(1) Fast glacier flow and bedrock geology. We have been working on the longstanding and unsolved question of how the geologic substrate is related to glacier surging. In an extensive and multidisciplinary field-based study, we examined everything from subglacial chemical weathering to proglacial suspended sediment properties to the grain-scale mineralogy of crushed rock and glacial sediment. We found a stunning correlation between bedrock fracture characteristics and surge propensity, prompting a new hypothesis to explain the local distribution of surge-type glaciers.

(2) Unstable ice-dammed lakes. Outburst floods from glacier-dammed lakes pose a threat to downstream ecosystems, infrastructure and communities. To better understand the interaction between glaciers and freshwater reservoirs, we undertook a process-based study of the largest annually recurring ice-dammed lake in our Yukon study area. Meteorological, hydrological and geophysical data collected over the course of an annual lake filling and drainage cycle revealed that most water is stored in or under the glacier (rather than in the visible lake) and that the lake and ice dam interact in ways that are absent in standard models. This project also facilitated the development of a novel radar system to monitor englacial/subglacial properties.

(3) Measuring and modelling snowfall across glaciers. Glaciers rely on the seasonal accumulation of snow to offset mass lost through summer melt, yet accumulation is notoriously difficult to quantify due to its spatial heterogeneity.
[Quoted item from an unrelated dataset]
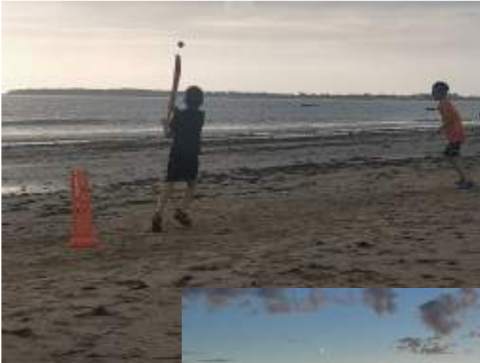
Two young Middlesex members honing their skills.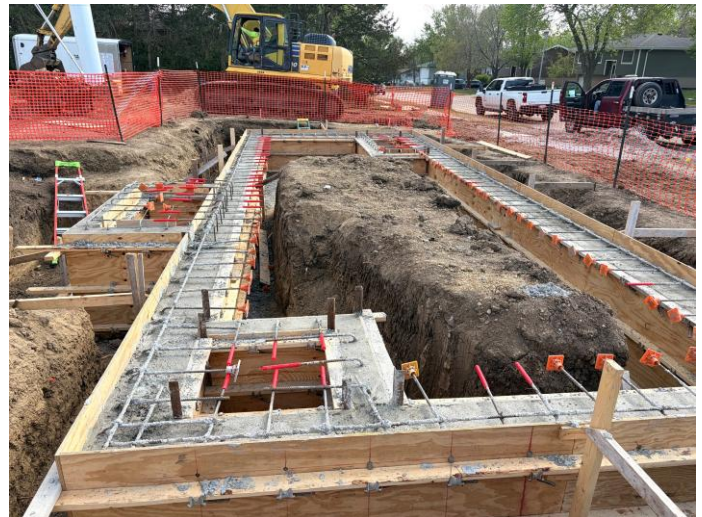
4/15: Completion of concrete foundation pour.

Using over 9000 field measurements of snow depth and density, we have investigated key sources of uncertainty in accumulation measurements and analysis and tested different experimental design for snow surveys.   

We also work on Arctic glacier mass balance and dynamics, application of statistical methods in glaciology, glacier and ice-sheet hydrology, subglacial processes, glacier erosion modelling, glacier thermal structure and evolution and glacier-climate interactions.